The phenomenon of RNA interference (RNAi) is an evolutionarily conserved defense mechanism against transgenic or foreign viruses. After introducing double strand RNA (dsRNA) with homologous complementary sequences to the target gene transcription product mRNA, it can specifically degrade the mRNA, resulting in the corresponding functional phenotypic deletion. This process belongs to transcription The category of posttracriptional gene siliencing (PTGS). RNAi is widespread in the biological world, from lower prokaryotes, to plants, fungi, invertebrates, and even recently discovered this phenomenon in mammals, but the mechanism is more complicated.
One. Discovery of RNAi
As early as 1990, when conducting research on transgenic plants, it was accidentally discovered that some endogenous genes could not be expressed after the full-length or partial genes were introduced into plant cells, but the transcription of these genes did not have any effect, and this phenomenon was called genes. Posttracriptional gene silencing (PTGS). A similar phenomenon was found in Neuroora in 1996, but this phenomenon was named quelling of gene expression. It was first discovered that dsRNA can cause The clue to gene silencing comes from the study of the nematode Caenorhabditis elega. In 1995, Cornell University researchers Guo and Kemphues tried to use antisense RNA to block the expression of the par-1 gene in order to explore the function of the gene. As a result, the antisense RNA could indeed block the expression of the par21 gene, but strangely, Injecting sense strand RNA as a control also blocked gene expression. This strange phenomenon was not solved until 3 years later-Andrew Fire of the Carnegie Research Institute in Washington and Craig Mello of the University of Massachusetts Cancer Center first injected double-stranded dsRNA-a mixture of sense and antisense strands into nematodes, which induced Gene silencing is much stronger than injection of sense strand or antisense strand alone. In fact, only a few molecules of double-stranded RNA per cell are enough to completely block the expression of homologous genes. Later experiments showed that the injection of double-stranded RNA into the nematode can not only block the homologous gene expression of the entire nematode, but also cause the homologous gene silencing of its first generation offspring.
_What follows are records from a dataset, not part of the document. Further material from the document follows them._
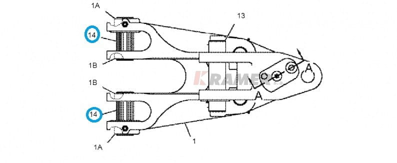 Sworzeń występujący w konikach koparko-ładowarek CAT 426C 430D 430E 436C 442E 444E
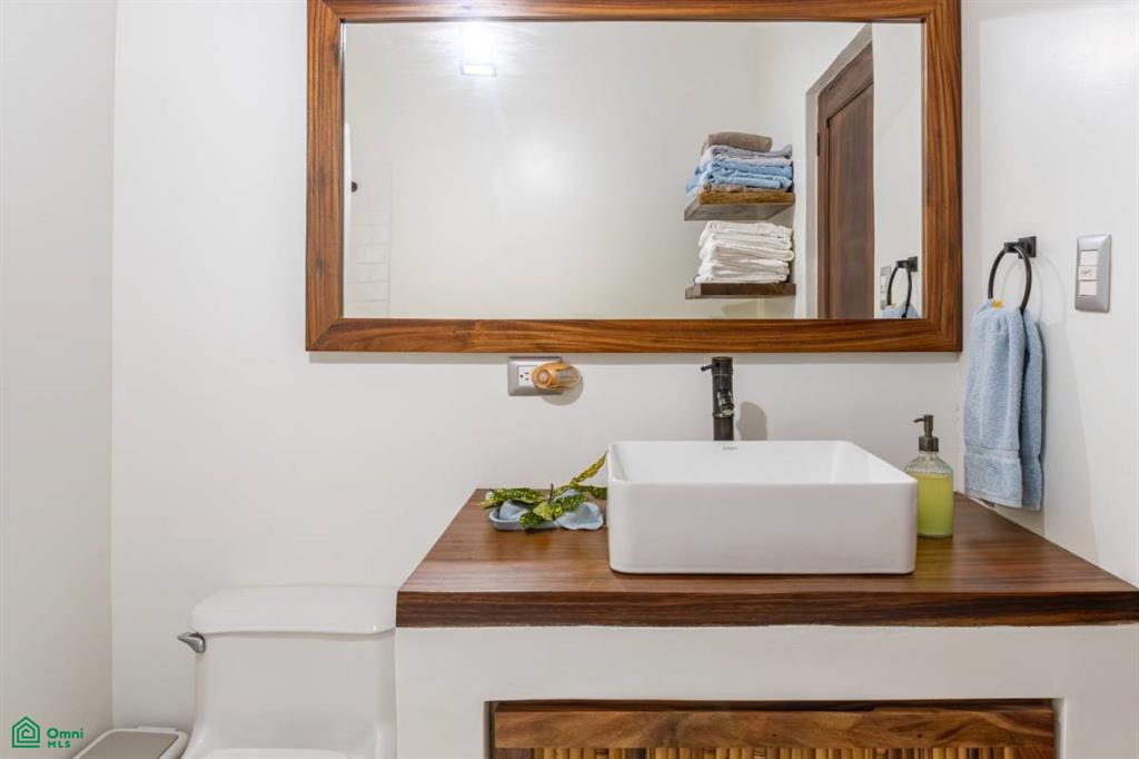The primary suite offers a peaceful retreat with jungle-facing windows and French doors opening to an ocean-view terrace. The renovated bathroom features marble floors and new plumbing fixtures, creating a spa-like atmosphere.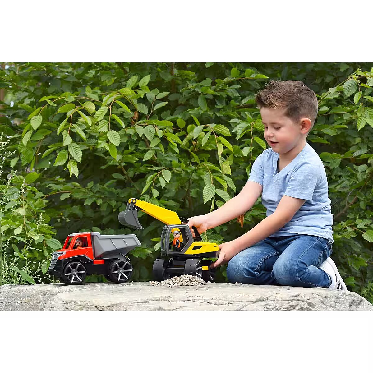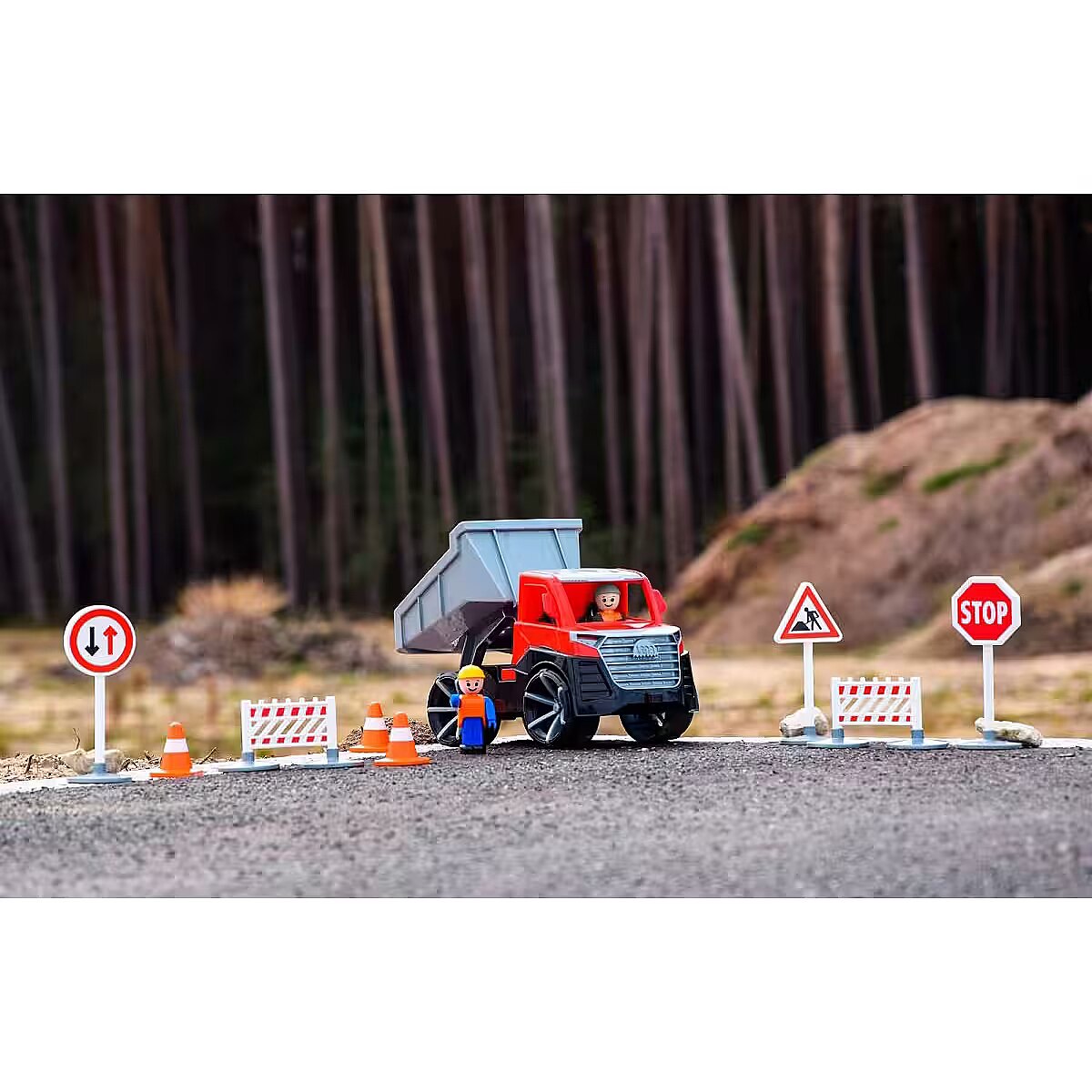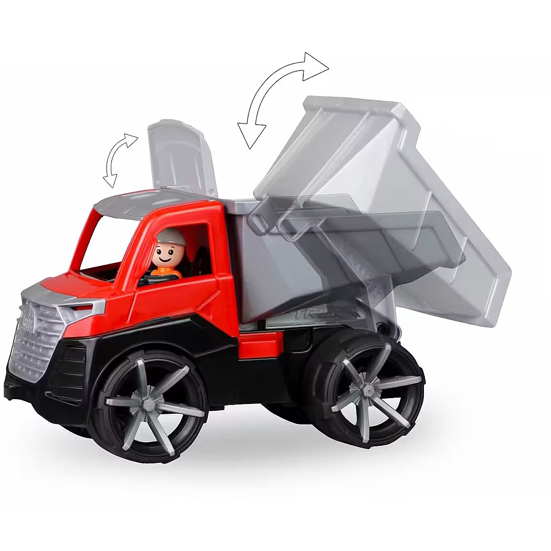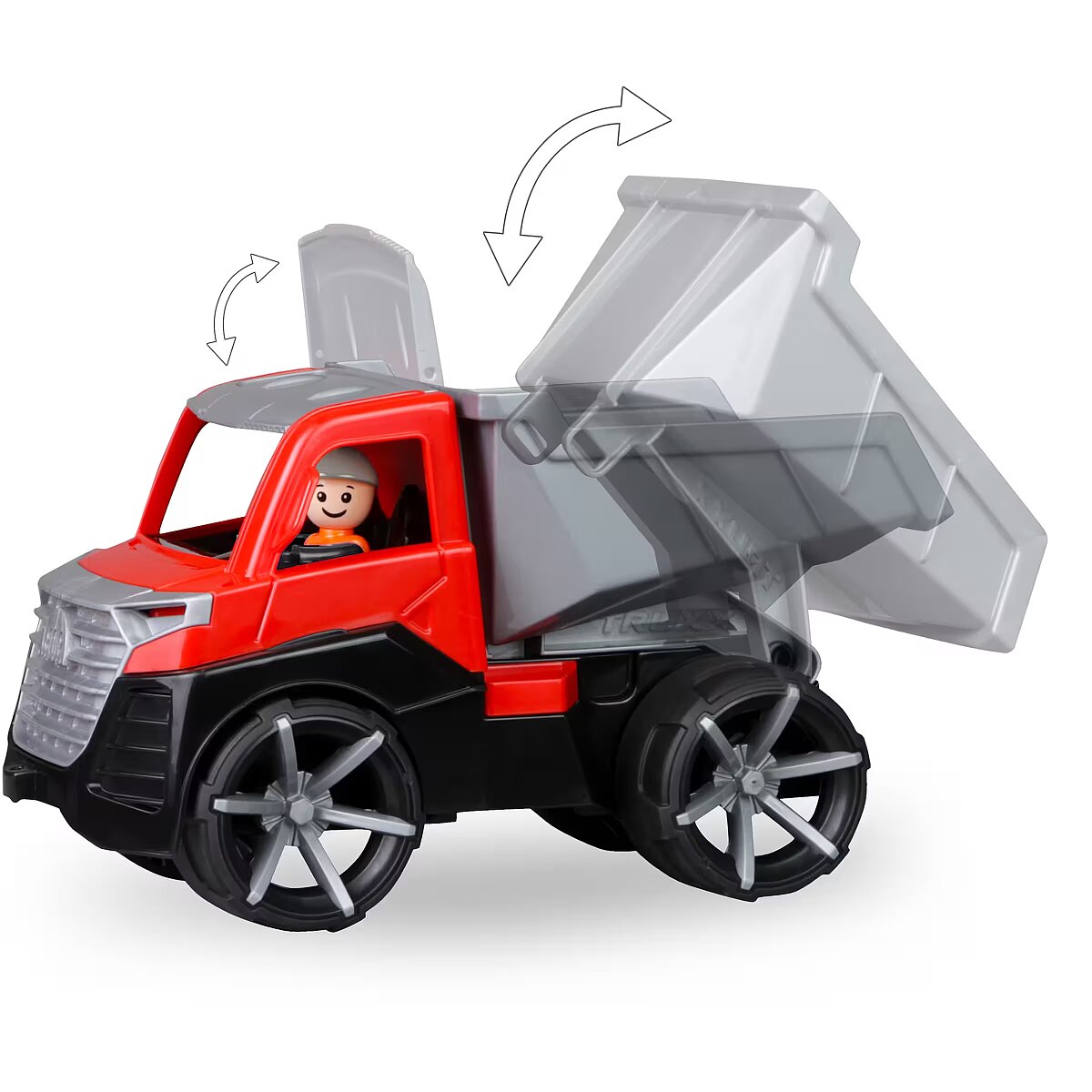 Description - LENA TRUXX 2 Tipper Truck Suitable for indoor and outdoor use. Suitable for children over 2 years old. Packaged in a colourful display box. MANUFACTURED IN EUROPE. TÜV certified. 4 mm galvanised steel axles Opening driver's cabin Lockable box Trailer hitch Figure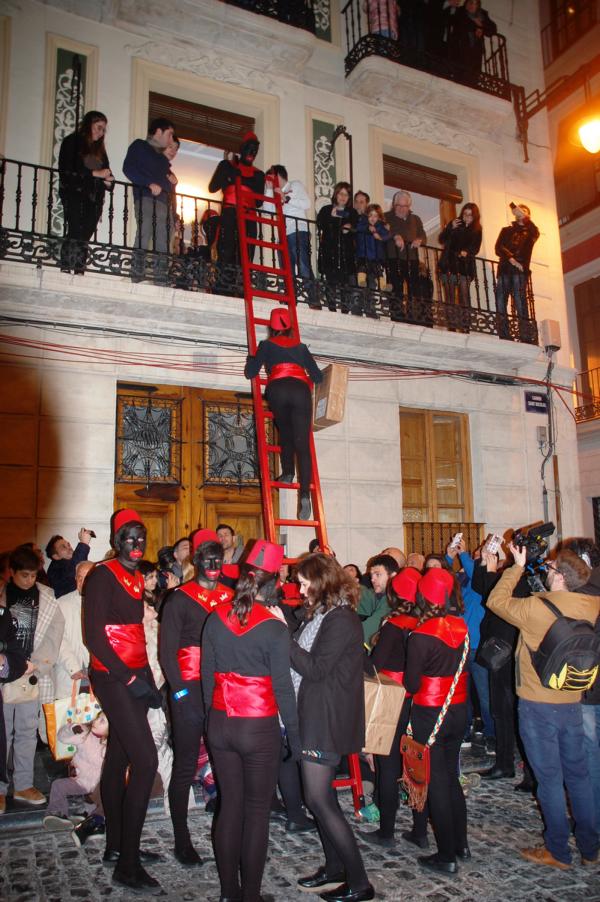 Doch bei den Umzügen in Alcoi gibt es eine weitere Besonderheit, die wohl einmalig ist: Die Reyes werden von schwarz gekleideten Pagen (pajes) mit schwarz geschminkten Gesichtern und breiten roten Lippen begleitet, die mit großen Holzleitern zu den Balkonen der anliegenden Wohnhäuser hochsteigen, um die bestellten Geschenke auszuliefern.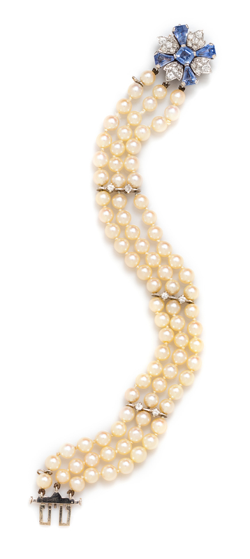 consisting of three strands of pearls measuring approximately 5.25 mm in diameter strung knotted with three white gold spacer bars containing six round brilliant cut diamonds, the clasp containing one square octagonal step cut sapphire measuring approximately 5.60 x 5.60 mm, four calf's head cut sapphires measuring approximately 6.90 x 5.20 mm and 24 round brilliant and single cut diamonds weighing approximately 0.60 carat total.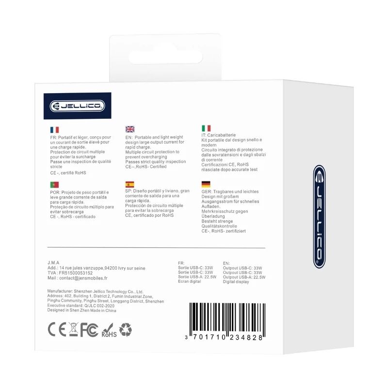 Le JELLICO F15 est un chargeur voiture haute performance conçu pour les utilisateurs exigeants. Avec ses 3 ports (2× USB-C + 1× USB-A) et sa puissance cumulée de 85.5W, il permet de charger en même temps smartphones, tablettes, GPS, batteries externes ou accessoires électroniques sans perte de puissance.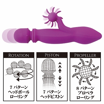 Piston & Propeller Rotation / USB Rechargeable] #Propeller rotates wildly and caresses clitoris with gusto! #Powerful piston head develops the porthio! #Built-in ball rotates to stimulate the G-spot! #The built-in ball rotates to stimulate the G-spot! ##Flexible neck propeller fits to the clitoris and delivers a firm and pleasurable stimulation. ##7-pattern head piston ##7-pattern ball rotation with built-in head ##8-pattern propeller rolling ##Silicon material ##USB rechargeable (cord included) ##Waterproof ##Recharge time: 90

They call this phenomenon RNA interference.
In the past, it was believed that there was no RNAi phenomenon in mammalian cells, because longer dsRNA can induce IFN (interferon) production in mammalian cells, and activate the transcription of PKR (dsRNA-dependent kinase) involved in the STAT pathway, and dsRNA itself Binding with PKR can also activate it, and then phosphorylate the translation initiation factor eIF2a to inactivate it, leading to non-specific protein synthesis obstacles; on the other hand, dsRNA can induce cells to produce a variety of antiviral proteins 2′,5 'Adenosine synthetase, generates 2',5' adenylate, activates non-specific RNase L, and produces non-specific RNA degradation effects. It has now been discovered that as long as dsRNA is shorter than 30, it will not promote the interferon effect, and at the same time it can specifically degrade mRNA and cause gene silencing, indicating that dsRNA can also play a role in mammalian cells, which is useful for future gene therapy, etc. RNAi applications provide new research directions.
two. Mechanism of RNAi
In recent years, studies have found that small interfering RNA (or short interfering RNAs, siRNA) is an important intermediate effect molecule for RNA interference (RNAi). siRNA is a class of about 21-25 nucleotides in length. (nt) special double-stranded RNA (dsRNA) molecule, with a characteristic structure, that is, the sequence of the siRNA has homology with the target mRNA sequence; the two single-stranded ends of the siRNA are 5′ phosphate and 3′ hydroxyl In addition, there are 2 to 3 protruding unpaired bases at the 3'end of each single strand. The main process of RNAi is that dsRNA is cleaved by nuclease into 21-25 nt interfering small RNA (siRNA). siRNA mediates the recognition and targeted cleavage of homologous target mRNA molecules. The formation of dsRNA in cells is the first step of RNAi. dsRNA in cells can be formed through a variety of ways, such as the transcription product of DNA inverted repeats in the genome; Transcription of antisense and sense RNA; viral RNA replication intermediates; and the use of single-stranded RNA in cells as a template to synthesize dsRNA by cell or viral RNA dependent RNA polymerase (RdRp), etc. C. elega can be injected directly dsRNA or the nematode soaked in a solution containing dsRNA to introduce exogenous dsRNA, you can also get dsRNA by feeding bacteria that express sense and antisense RNA.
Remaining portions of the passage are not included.